◆ Exercise prompt:
The answer is the line containing "Rapat Kerja dengan" plus every line after it to the end of the material, retyped exactly and without the pictures.
►
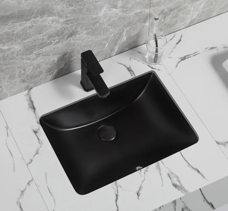 CUPC Approved face wash Black Color ceramic rectangular sink undermount bathroom cabinet basin
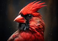 Levendige Rode Veren - Dit portret van een roodborstkardinaal toont het dier in prachtig detail, waarbij de nadruk ligt op de levendige rode veren en de kenmerkende zwarte 'masker' om de ogen. De donkere achtergrond contrasteert sterk met de rode kleur van de vogel, wat een gevoel van diepte en focus creëert.
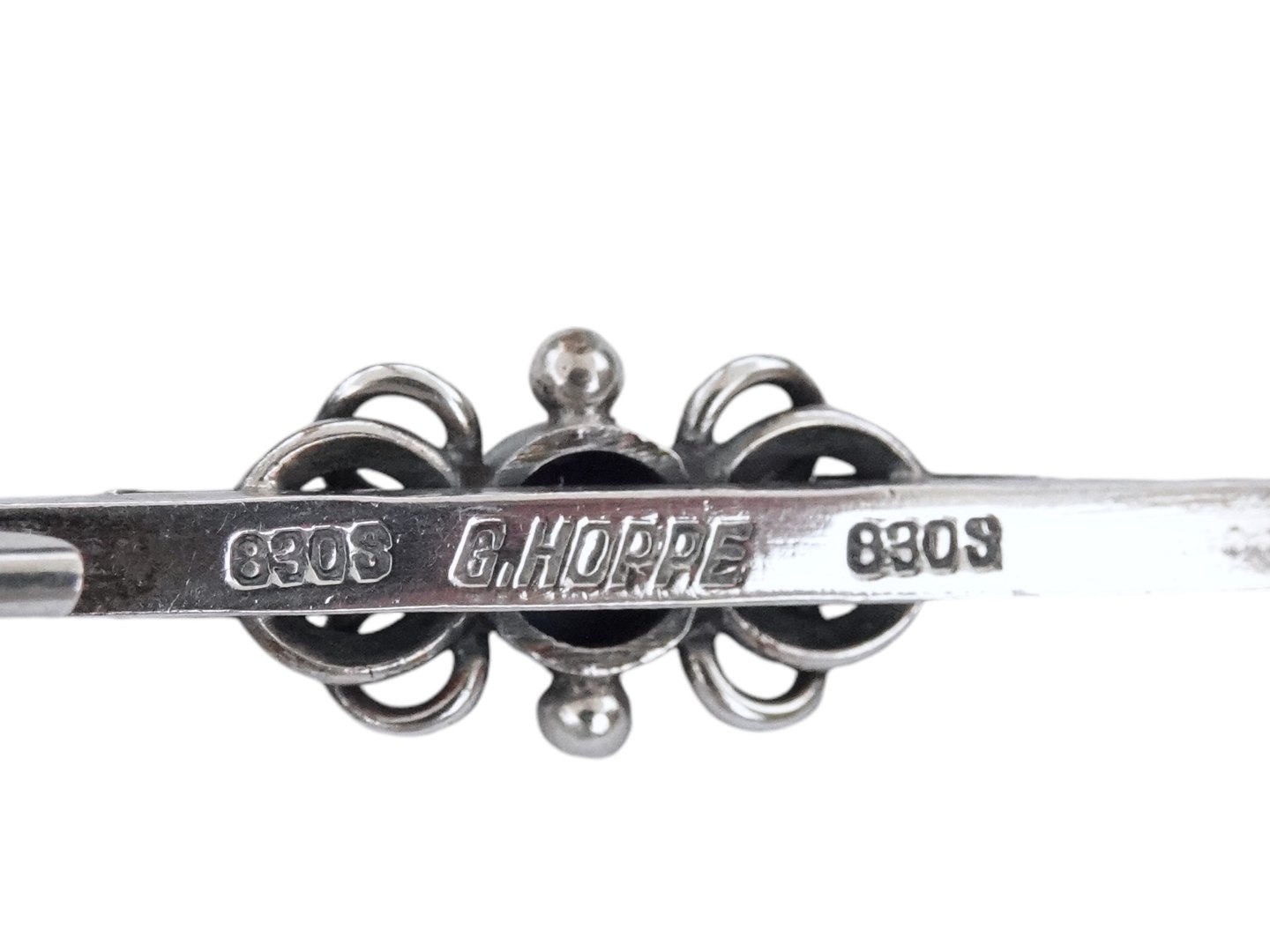 Stemplet "G. Hoppe 830S". Gottfred Henry Hoppe var sølvsmed i Slagelse fra 1943 til 1964.
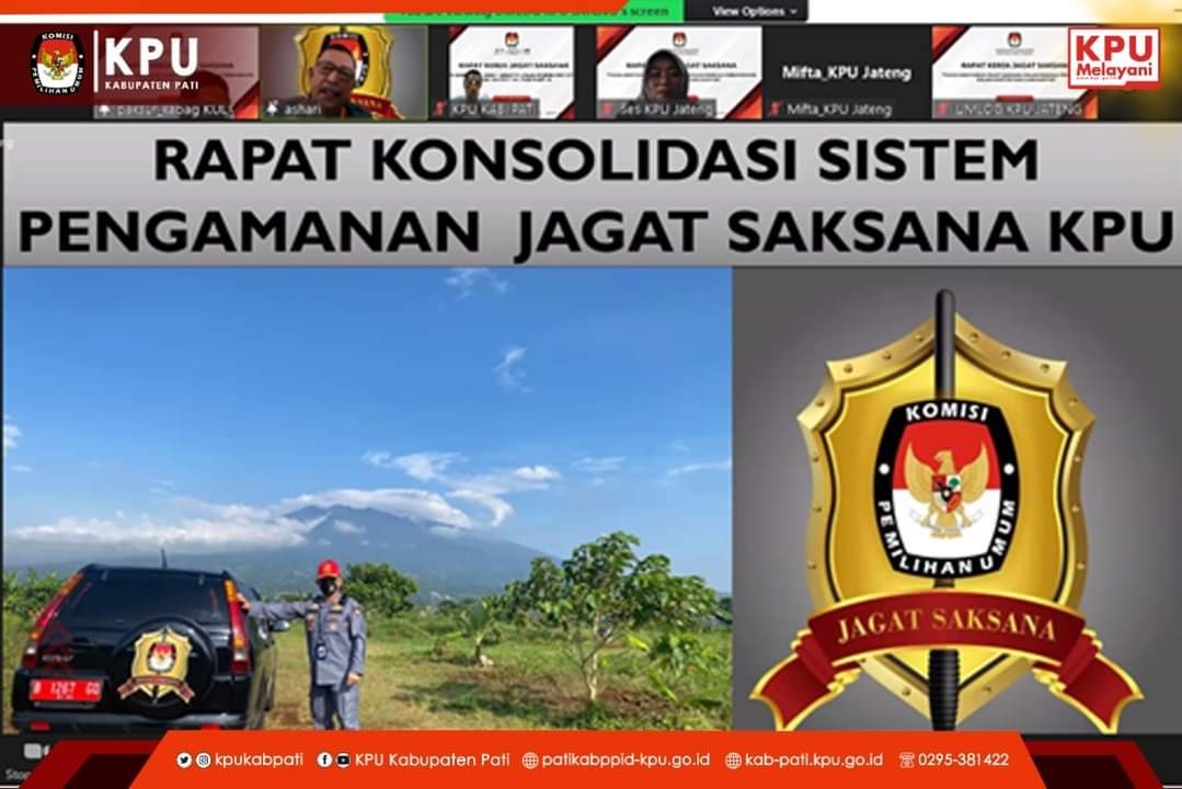 Rapat Kerja dengan tema "Tugas dan fungsi jagat saksana dalam rangka pengamanan dalam kantor maupun luar kantor" dilaksanakan secara daring. Turut juga mendampingi jagat saksana, Plt Kasubbag Umum KPU Kabupaten Pati Bapak Qurniawan Adi, S.H..
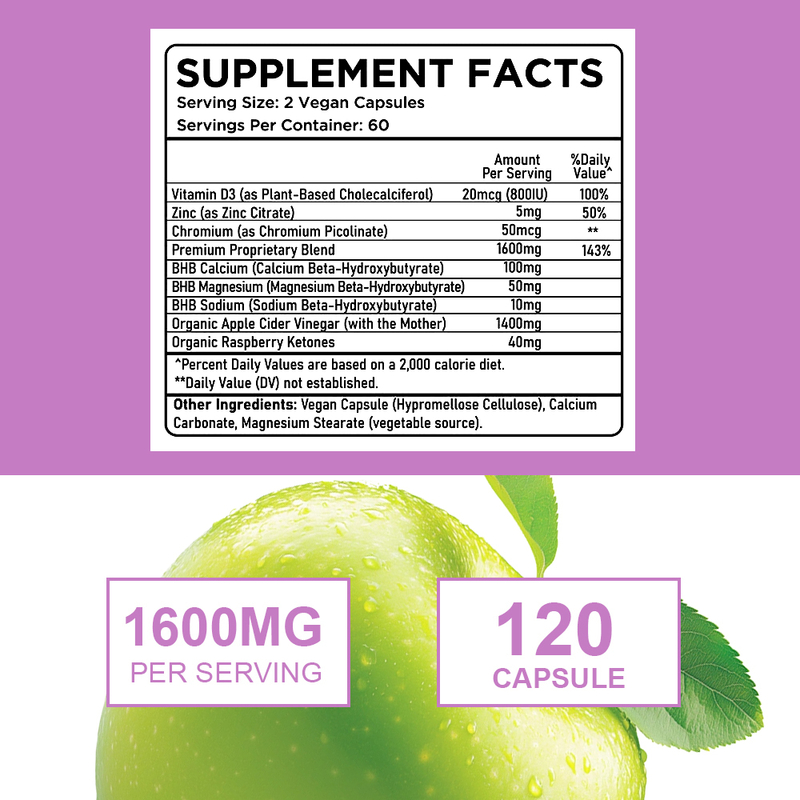 Giấm táo hữu cơ, Vitamin D3, Kẽm, Crom, Hỗn hợp độc quyền cao cấp, BHB Canxi, BHB Magie, BHB Natri, Xeton quả mâm xôi hữu cơ
◄
◆ Task answer:
 Rapat Kerja dengan tema "Tugas dan fungsi jagat saksana dalam rangka pengamanan dalam kantor maupun luar kantor" dilaksanakan secara daring. Turut juga mendampingi jagat saksana, Plt Kasubbag Umum KPU Kabupaten Pati Bapak Qurniawan Adi, S.H..
 Giấm táo hữu cơ, Vitamin D3, Kẽm, Crom, Hỗn hợp độc quyền cao cấp, BHB Canxi, BHB Magie, BHB Natri, Xeton quả mâm xôi hữu cơ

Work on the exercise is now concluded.